When doing binary arithmetic, calculating the remainder of a division by a power of 2 can be done using a bitwise $\textrm{AND}$. For $n \geq 0$ we have that:

$(X \mod 2^n) = X \textrm{ AND } (2^n - 1)$

I can see from some examples why it works, but I would like to know a general proof for this. I lay out two cases which can be generalized, but I would like to know if this reasoning constitutes a proof.

Dividing by 2

The simplest, non-trivial case is dividing by 2.

$ 2_{10} = 10_{2} $

If $X$ is an n-bit even number, it will have the form

$ x_0 x_1...x_{n-1}0$

If it is odd, then it will end on a 1

$ x_0 x_1...x_{n-1}1$

Applying the bitwise $\textrm{AND}$ we get that for an even number

$ x_0 x_1...x_{n-1}0 \textrm{ AND } 0...01 = 0$

For an odd number

$ x_0 x_1...x_{n-1}1 \textrm{ AND } 0...01 = 1$

Dividing by 4

When dividing by 4, the remainder can be either 0, 1, 2 or 3.

Case 1: $ X \equiv 0 \pmod{4}$

In this case, $X$ will have the form

$ x_0 x_1...x_{n-2}00$

And applying bitwise $\textrm{AND}$ with $2^n -1$ we get

$ x_0 x_1...x_{n-2}00 \textrm{ AND } 0...011 = 0$

Case 2: $X \equiv 1 \pmod{4}$

$X$ has the form

$ x_0 x_1...x_{n-2}01$

So that

$ x_0 x_1...x_{n-2}01 \textrm{ AND } 0...011 = 1$

Case 3: $X \equiv 2 \pmod{4}$

$X$ has the form

$ x_0 x_1...x_{n-2}10$

So that

$ x_0 x_1...x_{n-2}10 \textrm{ AND } 0...011 = 10$

Case 4: $X \equiv 3 \pmod{4}$

Finally, in this case $X$ will have the form

$ x_0 x_1...x_{n-2}11$

So that

$ x_0 x_1...x_{n-2}11 \textrm{ AND } 0...011 = 11$

Generalizing these results

I can see how this proof can be generalized for all powers of 2: in the case of 4, any number divisible by 4 ends with two zeroes when in binary representation. For any number divisible by 8, it has to end with three zeroes, and so on.

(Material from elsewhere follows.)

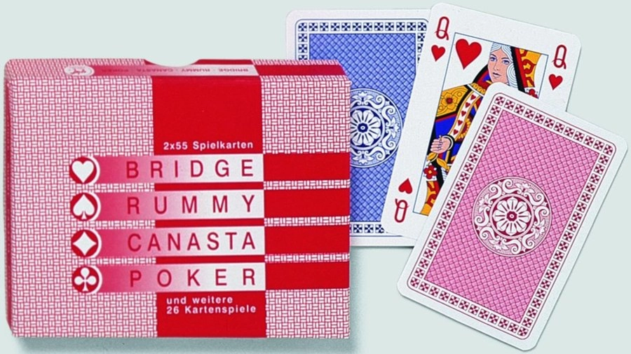 Universalus klasikinio prancūziško tipo kortų rinkinys, idealiai tinkantis kanastai, džokeriui, bridžui, pokeriui ir pasiansui. Pakuotėje rasite 2 × 55 kortų su džokeriais, tinkančias ir šeimos vakarams, ir turnyriniam žaidimui.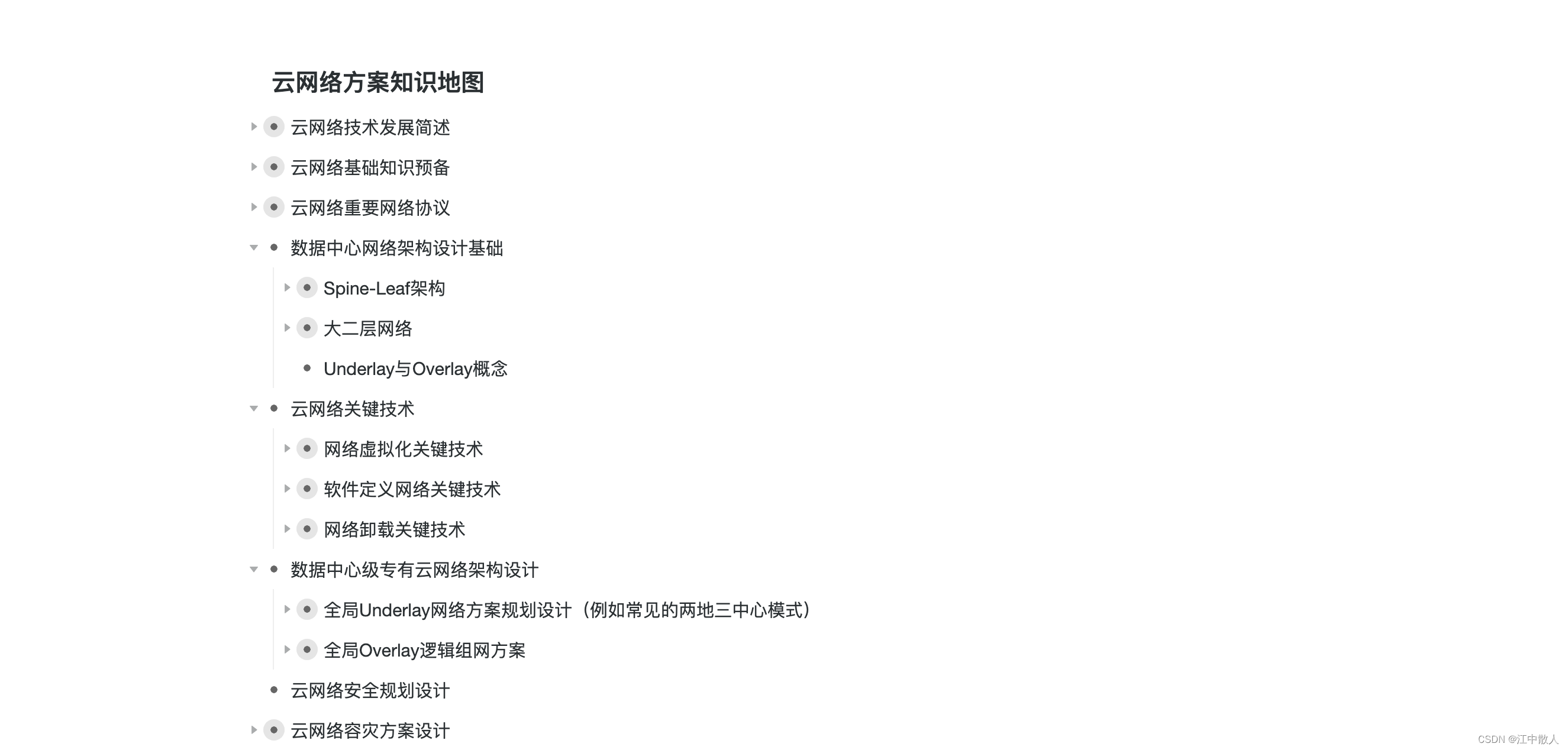Underlay是一张承载网,由各类物理设备构成,如TOR交换机、汇聚交换机、核心交换机、负载均衡设备与防火墙设备等。

Is there a simpler, and perhaps more rigorous way to prove that $(X \mod 2^n) = X \textrm{ AND } (2^n - 1)$?

Answer 1

AND only cares about common 1's, $2^n-1$ is the sum of all lower powers of 2 (aka base 2 repunit). The AND then, only cares about those 1's below the $2^n$ place. That makes the result less than $2^n$ and only contain the 1's set in X. By clearing all bits above $2^n$ you've subtracted a multiple of $2^n$ . That makes the bits that are 1, read out the remainder on division by $2^n$ . It really is that simple.